The responses from LLMs were parsed to determine the presence of SLDs. The decision process was as follows: 1) Response parser: Each response from GPT, indicating either affirmation ("Yes") or negation ("No"), was analyzed to ascertain whether the patient exhibited symptoms of SLDs based on the dialogue provided. The parser specifically looked for expressions of affirmation or negation concerning the presence of communicative impairments. 2) Diagnosis Determination: For each subject, a diagnosis of an SLD was considered positive if there was at least one scenario where GPT affirmed the presence of SLDs ("Yes"). Conversely, if all scenarios resulted in a “No" from GPT, the subject was not considered to have SLDs as per the dialogues analyzed.
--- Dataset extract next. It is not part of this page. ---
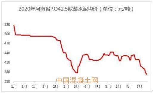 截止到6月30日,河南省混凝土C30均價為449元/方,較2020年初下跌86元/方。
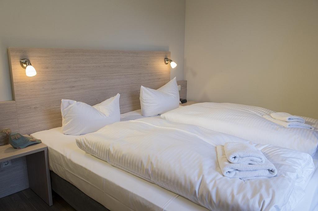 2 Zimmerappartement, für 2 Personen, 1 Schlafzimmer mit Komfortdoppelbett, Bad mit Dusche, Fön, offene Küche mit Geschirrspüler, Westterrasse, Fernseher, WLAN, Mückengitter, Parkplatz

By integrating LLMs’ analytical capabilities, this methodology refines the diagnostic process for social language disorders in ASD, enhancing both the efficiency and accuracy of assessments. This approach not only supports clinicians by providing a reliable diagnostic tool but also contributes to the broader field of psycholinguistics by offering insights into the communicative impairments often seen in ASD.

Identifying language disorder features associated with ASD via GPT

This subsection elaborates on the methodology employed to harness GPT for identifying specific language disorder features associated with ASD, guided by expert knowledge integrated from the ADOS-2, Module 4. The approach utilizes a comprehensive list of language disorders designed around the nuanced communication requirements and symptoms observed in verbally fluent adolescents and adults.

To facilitate the extraction of these features of language deficits using GPT, a specific prompt structure is utilized, as shown in “Prompt 2” (Fig. 1). The prompt was organized into three parts to optimize the analysis, including Part 1: Examiner-Patient Dialogue (EPD), Part 2: Question (Q) - ..., and Part 3: Knowledge (K) - “Overview of the 10 features of social language disorders identified by ADOS-2 examiners, as shown in the column ’Explanation’ in Table 4.

This structured prompt design guides GPT to analyze the transcribed conversations and categorize language deficits, enhancing the PPV of diagnostics based on observed linguistic patterns.

GPT’s responses were analyzed to determine the presence and types of SLD features as follows: (1) Response parser: The parser reviewed GPT’s responses, which involved multiple labels corresponding to the 10 predefined SLD features. Each piece of dialogue could yield several labels, reflecting the multi-dimensional nature of language disorders. (2) Feature classification: Each response was predicted into multiple categories, constituting a multi-label classification task. This approach allowed for a comprehensive assessment of the patient’s language abilities, identifying multiple SLD features from a single excerpt of dialogue.

The multi-label classification approach offers significant advantages in the diagnosis of SLDs. By categorizing dialogue into multiple SLD-related features, GPT enables a comprehensive analysis of the patient’s communicative impairments, providing a nuanced understanding of their specific challenges. This detailed insight is critical for ensuring accurate diagnoses and helps clinicians identify the precise nature of the language deficits. Furthermore, recognizing distinct disorder features allows for the development of targeted intervention strategies, enabling clinicians to design personalized and effective treatments that address the unique difficulties faced by each patient.

Utilizing GPT to identify and classify language disorder features via a structured multi-label classification approach significantly refines the diagnostic capabilities in ASD assessments. This methodology not only enhances the accuracy of the diagnoses but also deepens the understanding of the patient’s specific communicative deficits, facilitating the development of targeted therapeutic strategies.